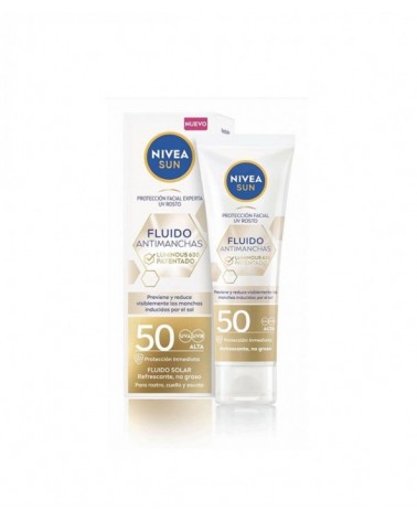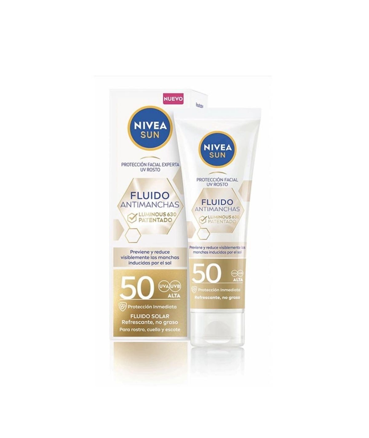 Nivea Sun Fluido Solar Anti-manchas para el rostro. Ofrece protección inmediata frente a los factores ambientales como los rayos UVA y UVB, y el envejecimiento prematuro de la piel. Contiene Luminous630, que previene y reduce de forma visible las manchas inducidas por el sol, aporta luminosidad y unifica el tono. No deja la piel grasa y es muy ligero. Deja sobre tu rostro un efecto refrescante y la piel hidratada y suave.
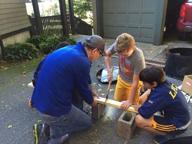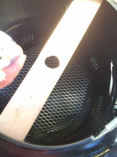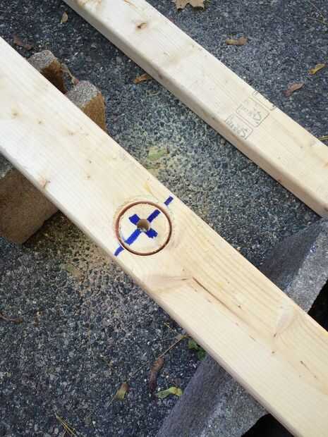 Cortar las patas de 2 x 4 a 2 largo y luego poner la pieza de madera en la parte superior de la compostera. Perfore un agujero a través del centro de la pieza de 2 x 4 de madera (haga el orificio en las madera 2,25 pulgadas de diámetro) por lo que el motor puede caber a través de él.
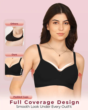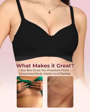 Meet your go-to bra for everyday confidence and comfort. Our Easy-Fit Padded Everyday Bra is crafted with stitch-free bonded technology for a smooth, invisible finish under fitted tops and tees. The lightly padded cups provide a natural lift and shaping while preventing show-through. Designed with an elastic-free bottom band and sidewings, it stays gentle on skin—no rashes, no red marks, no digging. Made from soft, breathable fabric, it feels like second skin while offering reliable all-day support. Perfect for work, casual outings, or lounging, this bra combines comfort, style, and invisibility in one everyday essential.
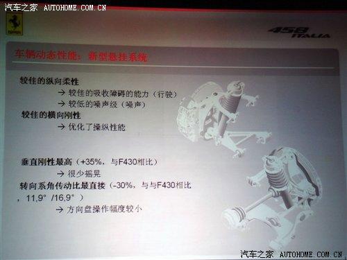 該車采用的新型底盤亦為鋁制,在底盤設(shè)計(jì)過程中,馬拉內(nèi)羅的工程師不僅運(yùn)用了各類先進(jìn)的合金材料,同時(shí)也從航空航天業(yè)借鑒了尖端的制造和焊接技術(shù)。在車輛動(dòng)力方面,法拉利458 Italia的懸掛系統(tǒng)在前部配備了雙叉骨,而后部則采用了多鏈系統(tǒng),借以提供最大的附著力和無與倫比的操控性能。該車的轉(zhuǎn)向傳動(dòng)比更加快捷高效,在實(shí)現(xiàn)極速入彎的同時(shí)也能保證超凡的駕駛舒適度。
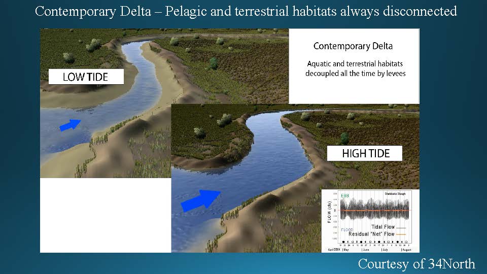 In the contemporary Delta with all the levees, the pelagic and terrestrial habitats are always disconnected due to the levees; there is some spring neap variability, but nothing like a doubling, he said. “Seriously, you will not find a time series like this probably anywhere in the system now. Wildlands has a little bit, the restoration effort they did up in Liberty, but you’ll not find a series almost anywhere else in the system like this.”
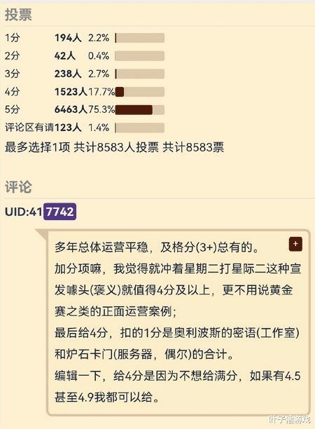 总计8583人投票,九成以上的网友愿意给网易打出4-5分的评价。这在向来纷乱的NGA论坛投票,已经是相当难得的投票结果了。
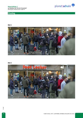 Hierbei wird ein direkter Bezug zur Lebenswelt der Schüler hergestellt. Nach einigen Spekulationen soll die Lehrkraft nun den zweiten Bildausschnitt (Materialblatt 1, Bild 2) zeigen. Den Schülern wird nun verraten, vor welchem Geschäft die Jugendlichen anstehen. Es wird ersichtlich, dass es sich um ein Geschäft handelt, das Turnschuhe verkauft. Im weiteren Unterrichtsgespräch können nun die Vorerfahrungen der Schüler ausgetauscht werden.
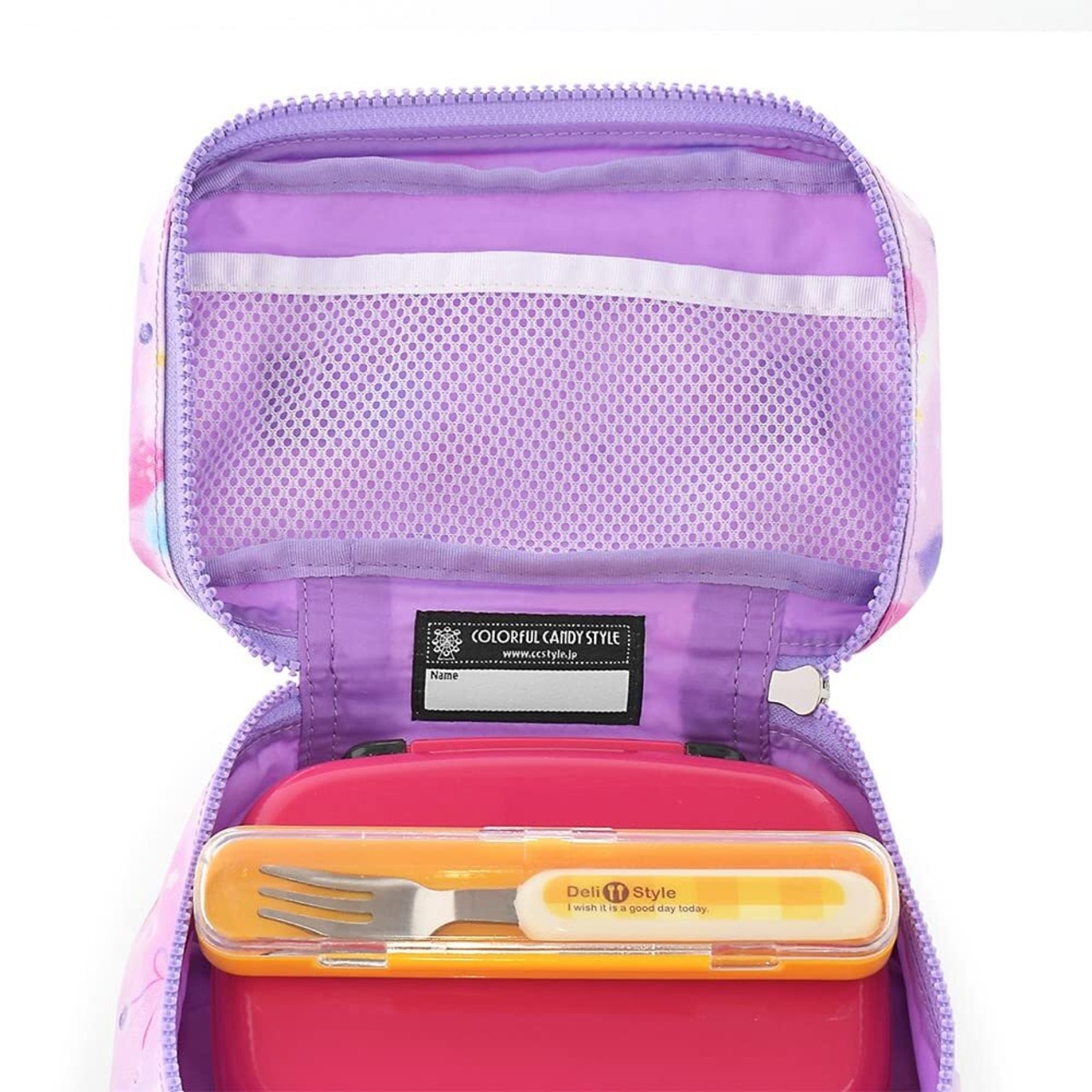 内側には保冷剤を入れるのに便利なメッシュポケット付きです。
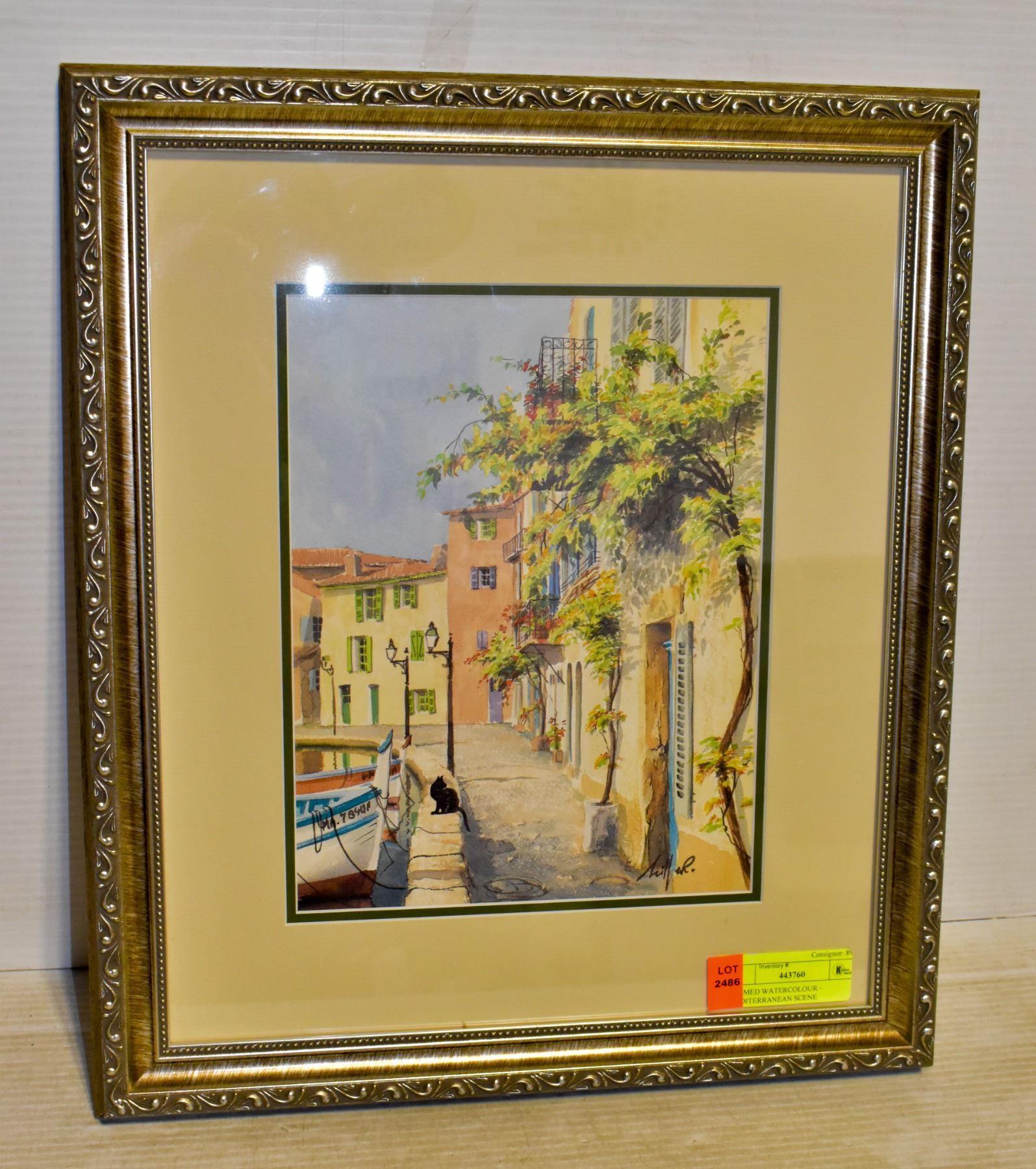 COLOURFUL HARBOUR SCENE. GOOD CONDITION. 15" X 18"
********
WORK INSTRUCTIONS:
Would you copy out all the data exactly, without the images?

TASK SOLUTION:
 Nivea Sun Fluido Solar Anti-manchas para el rostro. Ofrece protección inmediata frente a los factores ambientales como los rayos UVA y UVB, y el envejecimiento prematuro de la piel. Contiene Luminous630, que previene y reduce de forma visible las manchas inducidas por el sol, aporta luminosidad y unifica el tono. No deja la piel grasa y es muy ligero. Deja sobre tu rostro un efecto refrescante y la piel hidratada y suave.
 Cortar las patas de 2 x 4 a 2 largo y luego poner la pieza de madera en la parte superior de la compostera. Perfore un agujero a través del centro de la pieza de 2 x 4 de madera (haga el orificio en las madera 2,25 pulgadas de diámetro) por lo que el motor puede caber a través de él.
 Meet your go-to bra for everyday confidence and comfort. Our Easy-Fit Padded Everyday Bra is crafted with stitch-free bonded technology for a smooth, invisible finish under fitted tops and tees. The lightly padded cups provide a natural lift and shaping while preventing show-through. Designed with an elastic-free bottom band and sidewings, it stays gentle on skin—no rashes, no red marks, no digging. Made from soft, breathable fabric, it feels like second skin while offering reliable all-day support. Perfect for work, casual outings, or lounging, this bra combines comfort, style, and invisibility in one everyday essential.
 該車采用的新型底盤亦為鋁制,在底盤設(shè)計(jì)過程中,馬拉內(nèi)羅的工程師不僅運(yùn)用了各類先進(jìn)的合金材料,同時(shí)也從航空航天業(yè)借鑒了尖端的制造和焊接技術(shù)。在車輛動(dòng)力方面,法拉利458 Italia的懸掛系統(tǒng)在前部配備了雙叉骨,而后部則采用了多鏈系統(tǒng),借以提供最大的附著力和無與倫比的操控性能。該車的轉(zhuǎn)向傳動(dòng)比更加快捷高效,在實(shí)現(xiàn)極速入彎的同時(shí)也能保證超凡的駕駛舒適度。
 In the contemporary Delta with all the levees, the pelagic and terrestrial habitats are always disconnected due to the levees; there is some spring neap variability, but nothing like a doubling, he said. “Seriously, you will not find a time series like this probably anywhere in the system now. Wildlands has a little bit, the restoration effort they did up in Liberty, but you’ll not find a series almost anywhere else in the system like this.”
 总计8583人投票,九成以上的网友愿意给网易打出4-5分的评价。这在向来纷乱的NGA论坛投票,已经是相当难得的投票结果了。
 Hierbei wird ein direkter Bezug zur Lebenswelt der Schüler hergestellt. Nach einigen Spekulationen soll die Lehrkraft nun den zweiten Bildausschnitt (Materialblatt 1, Bild 2) zeigen. Den Schülern wird nun verraten, vor welchem Geschäft die Jugendlichen anstehen. Es wird ersichtlich, dass es sich um ein Geschäft handelt, das Turnschuhe verkauft. Im weiteren Unterrichtsgespräch können nun die Vorerfahrungen der Schüler ausgetauscht werden.
 内側には保冷剤を入れるのに便利なメッシュポケット付きです。
 COLOURFUL HARBOUR SCENE. GOOD CONDITION. 15" X 18"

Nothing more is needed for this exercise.